I have sort of figured this project wouldn't be completed until at least the 3rd body. I do want the first one to be at least usable and practical with a decent drag reduction. That's why I've been taking my time with it. I'm only designing to cruise at 30 mph or so, but the high top speed will be a consequence of gearing to do 30 mph with a cadence of 80-90, when I'm still capable of holding a cadence of 140 for shorter durations. I know of a KMX build with a 6.5 kW middrive though and it's rider can safely cruise at almost 40 mph and has been taken to 60+ mph a few times. The steering knuckles and stock wheels are the weak points of the KMX frame kit when it comes to tolerating road imperfections and hazards, but the knuckles can reliably handle cruising at 30 mph or so *IF* you have a front suspension setup, according to this builder.

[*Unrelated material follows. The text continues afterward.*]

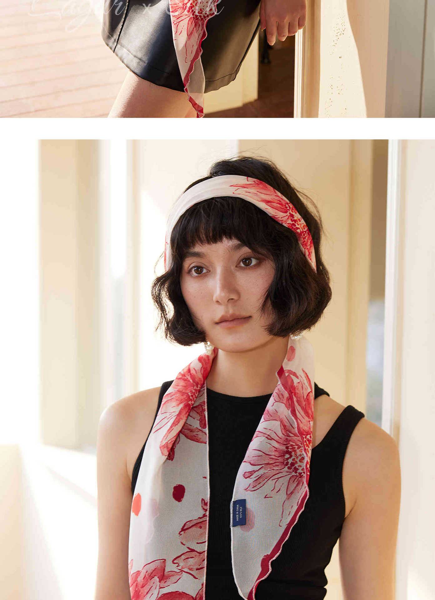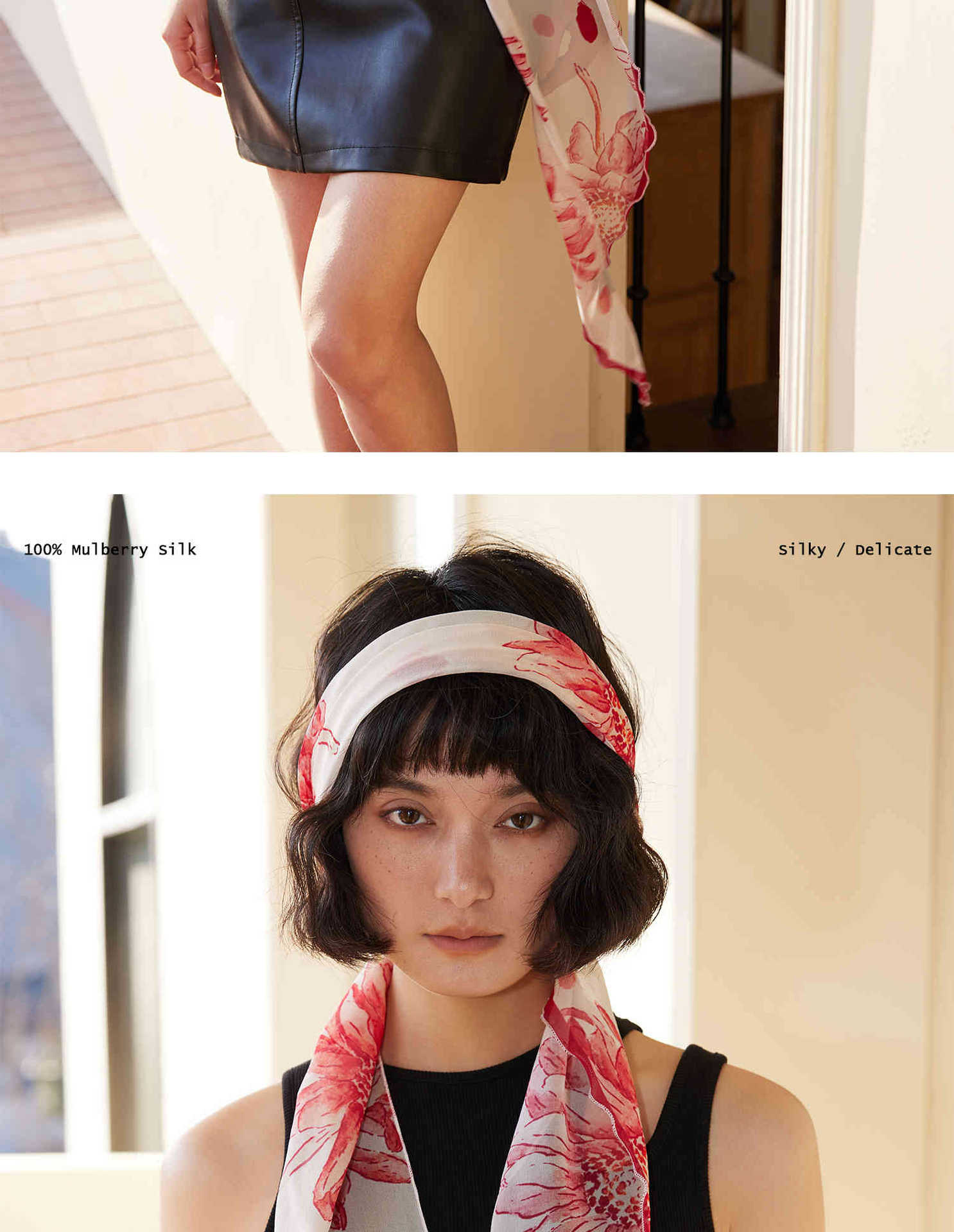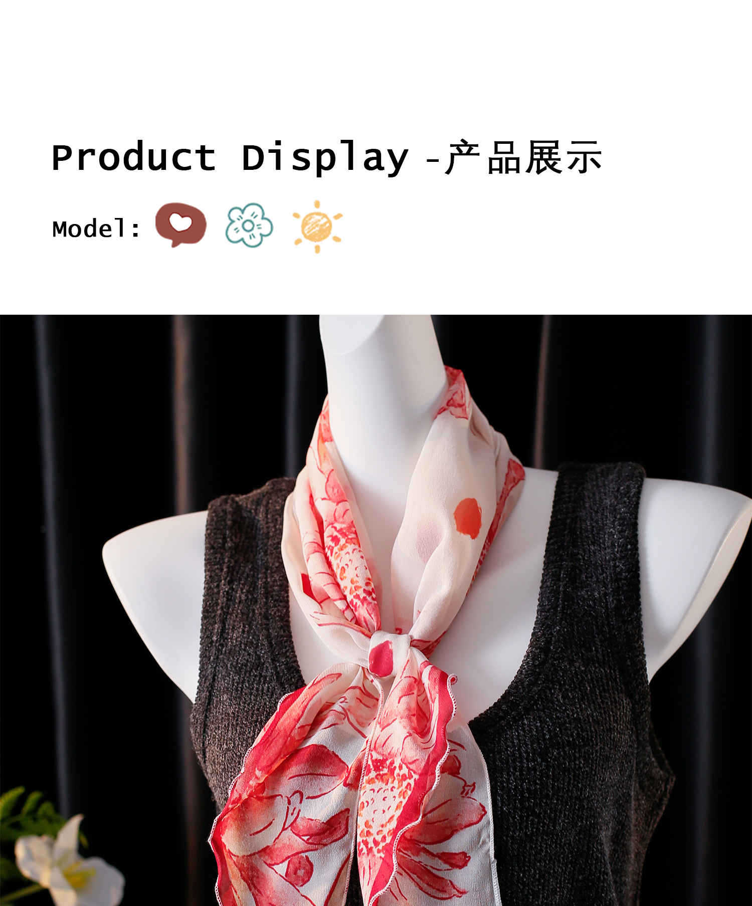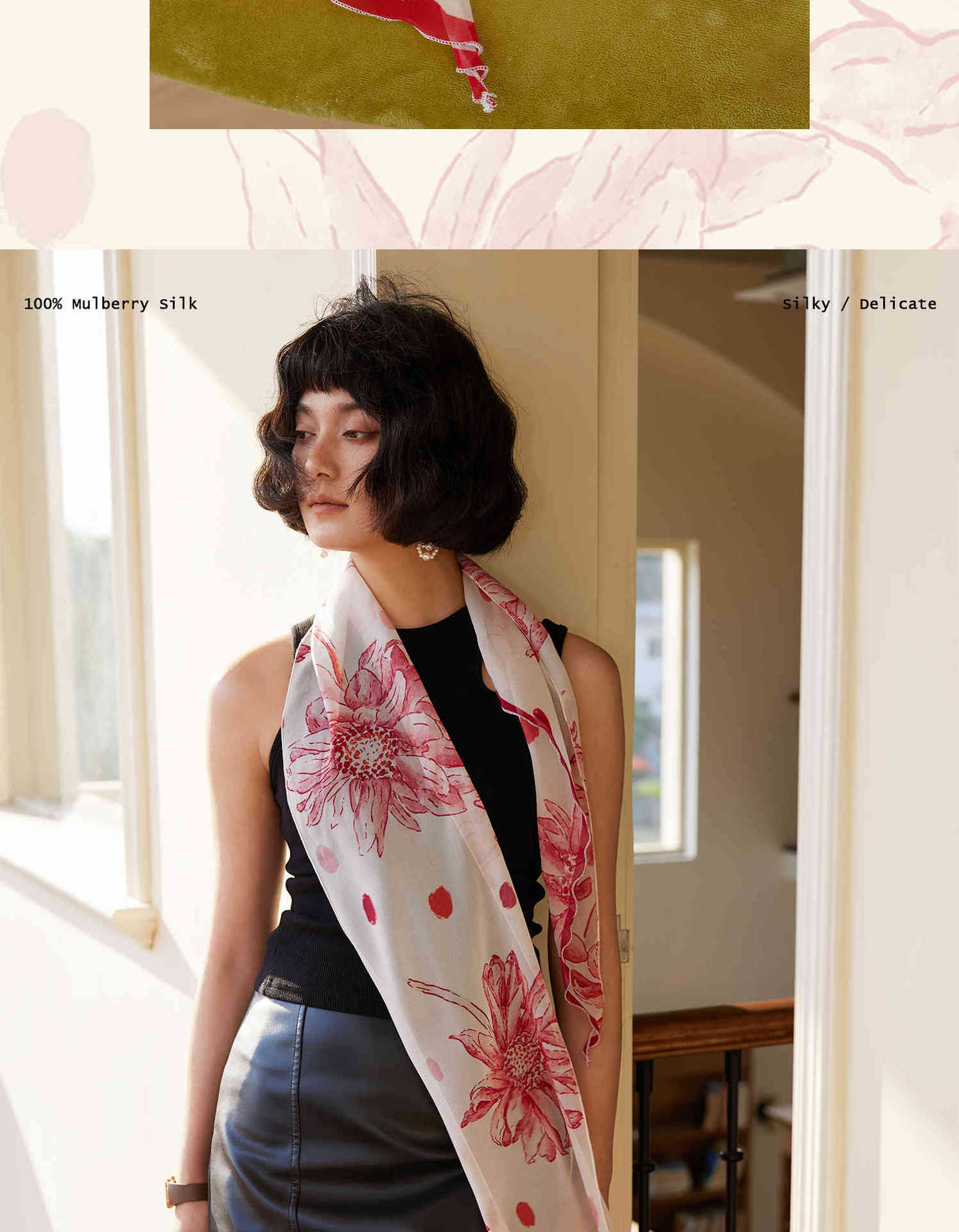 「原创艺术手绘红白花卉」100%真丝丝巾头巾花朵发带发饰新款女秋

I'm also partially inspired by the efficiency that Cedric Lynch has achieved in his electric recumbent motorcycle, roughly 30-40 wh/mi to do 50+ mph:




Adding a small amount of human power to that will yield more than marginal improvements in efficiency, and pedal power is awesome for extending your possible range to the point that even if you somehow cannot get electricity anywhere, you'll be able to still go anywhere that you can pedal it. It must be light enough to be pedaled, and geared so that at least a fit rider could climb steep grades at 4 mph. I think 100 lbs or less is a good target. There's a lot of efficient custom-build vehicles out there that are too heavy, but are worth drawing ideas from.

Adding some ass-hauling capacity with an overpowered drive system would make the vehicle fun and more appealing to hoons, and less prone to getting laughed at by the general public, as well as the practical application of being able to get away from a dangerous situation as well or better than most cars.